Implementing group 3 noun rules for Serbian. #173

nciric · 2025-08-12T03:35:05Z

Fully implements group 3 (all nouns ending with -a).

This removes a need for a large number of nouns to be added to Wikidata.

Resolves part of #172 .

inflection/src/inflection/grammar/synthesis/SrGrammarSynthesizer_SrDisplayFunction.cpp

grhoten · 2025-08-15T16:14:58Z

inflection/src/inflection/grammar/synthesis/SrGrammarSynthesizer_SrDisplayFunction.cpp

+    static constexpr auto suffix_sg = ::std::to_array<::std::u16string_view>({u"а", u"е", u"и", u"у", u"а", u"ом", u"и"});
+    static constexpr auto suffix_pl = ::std::to_array<::std::u16string_view>({u"е", u"а", u"ама", u"е", u"е", u"ама", u"ама"});
+
+    ::std::u16string base = lemma;
+    // Remove trailing a and apply suffix.
+    base.pop_back();
+    base = applySuffix(base, suffix_sg, suffix_pl, number, targetCase);


For this kind of mapping, you may be inspired by Arabic, German or Italian. They convert a string to a numeric key (makeLookupKey) containing multiple grammemes, and they map the key to a string. This mapping is initialized in the constructor instead of at runtime.

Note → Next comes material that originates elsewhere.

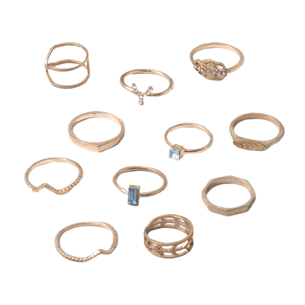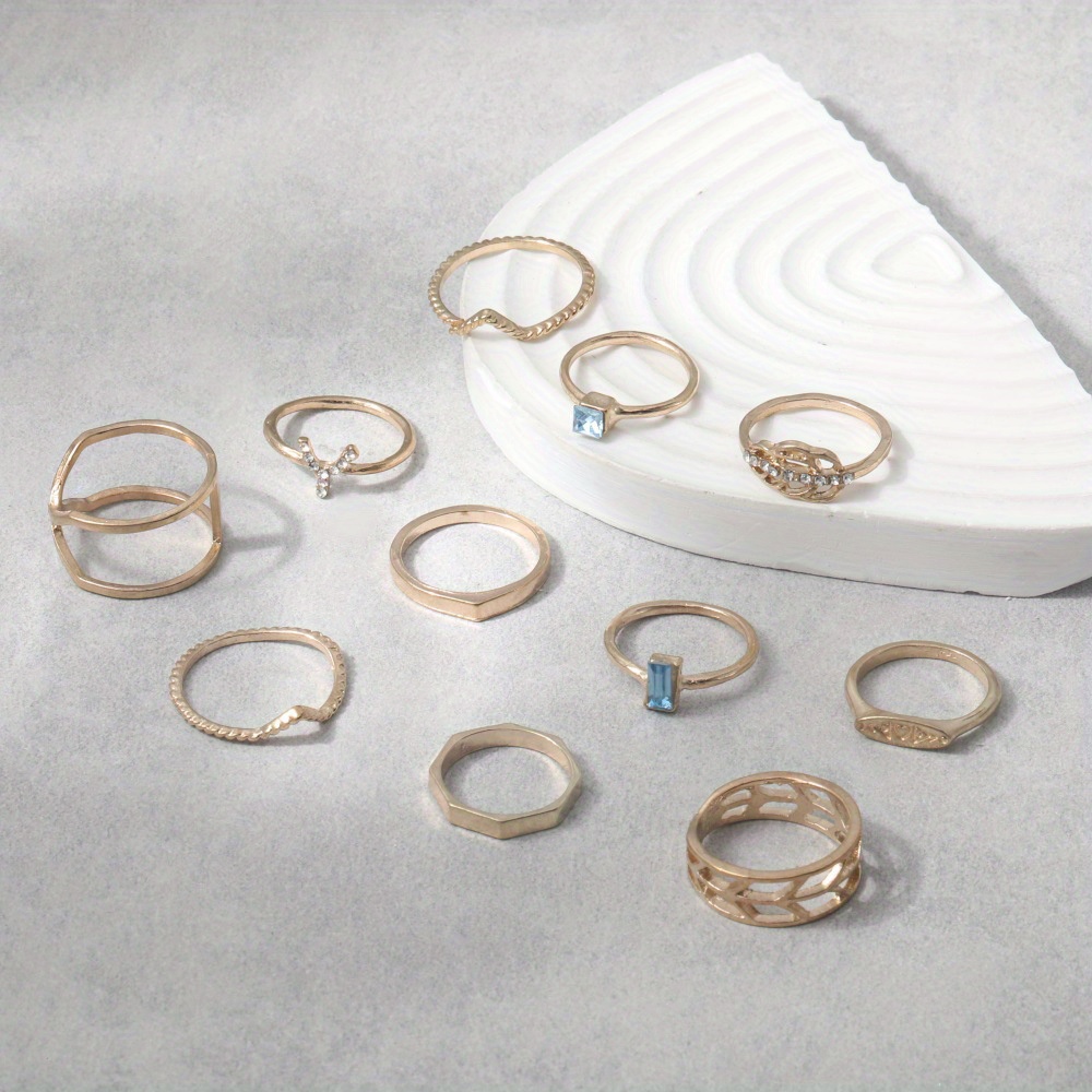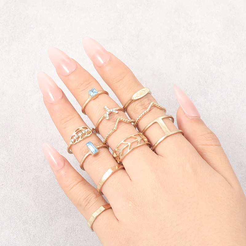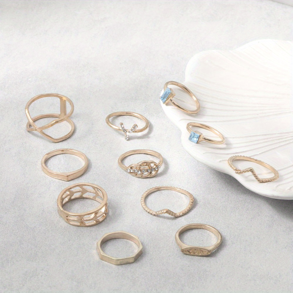 Personalized gold Y-shaped hollow point diamond 11-piece set ring jewelry

Is the concern the runtime size increase (static constexpr)? If yes, I can remove the static (creating these arrays is cheap).
Otherwise the current approach looks simpler. I will look into refactoring this code as I add more cases, potentially implementing Arabic like approach.

WDYT?

It was to make it more scalable, but this is fine too.

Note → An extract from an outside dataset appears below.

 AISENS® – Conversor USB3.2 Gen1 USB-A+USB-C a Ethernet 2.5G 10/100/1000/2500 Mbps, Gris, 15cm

inflection/src/inflection/grammar/synthesis/SrGrammarSynthesizer_SrDisplayFunction.cpp

grhoten · 2025-08-15T16:56:20Z

inflection/src/inflection/grammar/synthesis/SrGrammarSynthesizer_SrDisplayFunction.cpp

+enum class Syllables {
+    ONE_SYLLABLE,
+    TWO_SYLLABLES,
+    MULTI_SYLLABLES,
+};
+Syllables countSyllables(const ::std::u16string& lemma) {
+    static constexpr ::std::u16string_view vowels = u"аеиоуАЕИОУ";
+    static constexpr ::std::u16string_view consonants = u"бвгдђжзјклљмнњпстћфхцчџшБВГДЂЖЗЈКЛЉМНЊПСТЋФХЦЧЏШ";
+
+    uint16_t total = 0;
+    size_t index = 0;
+    const size_t length = lemma.length();
+    for (const char16_t ch: lemma) {
+        if (vowels.find(ch) != ::std::string::npos) {
+            ++total;
+        }
+        // Check case where R is at the begining followed by a consonant.
+        if ((ch == u'р' || ch == u'Р') && (index == 0 && index + 1 < length)) {
+            if (consonants.find(lemma[index + 1]) != ::std::string::npos) {
+                ++total;
+            }
+        } else if ((ch == u'р' || ch == u'Р') && (index != 0 && index + 1 < length)) {
+            if (consonants.find(lemma[index - 1]) != ::std::string::npos && consonants.find(lemma[index + 1]) != ::std::string::npos) {
+                ++total;
+            }
+        }
+        ++index;
+    }
+
+    if (total == 1) {
+        return Syllables::ONE_SYLLABLE;
+    } else if (total == 2) {
+        return Syllables::TWO_SYLLABLES;
+    } else {
+        return Syllables::MULTI_SYLLABLES;
+    }
+}


What do you think of this?

static bool isConsonant(char16_t ch) { return morphun::lang::StringFilterUtil::CYRILLIC_SCRIPT().contains(ch) && !morphun::dictionary::PhraseProperties::DEFAULT_VOWELS_START().contains(ch); } enum class Syllables { ONE_SYLLABLE, TWO_SYLLABLES, MULTI_SYLLABLES, }; Syllables countSyllables(const ::std::u16string& word) { int32_t total = 0; if (word.length() > 2) { std::u16string lowercase; morphun::util::StringUtils::lowercase(&lowercase, word, ::morphun::util::LocaleUtils::SERBIAN()); size_t startIndex = 0; size_t nextR; const auto stringLengthWithVowelSuffix = lowercase.length() - 1; // Always enough room for a suffix letter while ((nextR = lowercase.find(u'р', startIndex)) != std::string::npos && nextR < stringLengthWithVowelSuffix) { ++total; // +1 for r if (isConsonant(lowercase[nextR + 1]) && (nextR == 0 || isConsonant(lowercase[nextR - 1]))) { ++total; } startIndex = nextR + 1; } } if (total == 1) { return Syllables::ONE_SYLLABLE; } else if (total == 2) { return Syllables::TWO_SYLLABLES; } else { return Syllables::MULTI_SYLLABLES; } }

Your code skips vowels (only counts Rs). I like the isConsonant, and I added isVowel function and used it in the code.
It looks simpler now.

PTAL

inflection/src/inflection/grammar/synthesis/SrGrammarSynthesizer_SrDisplayFunction.cpp

grhoten

Changes look fine. Optional comments to consider where also provided.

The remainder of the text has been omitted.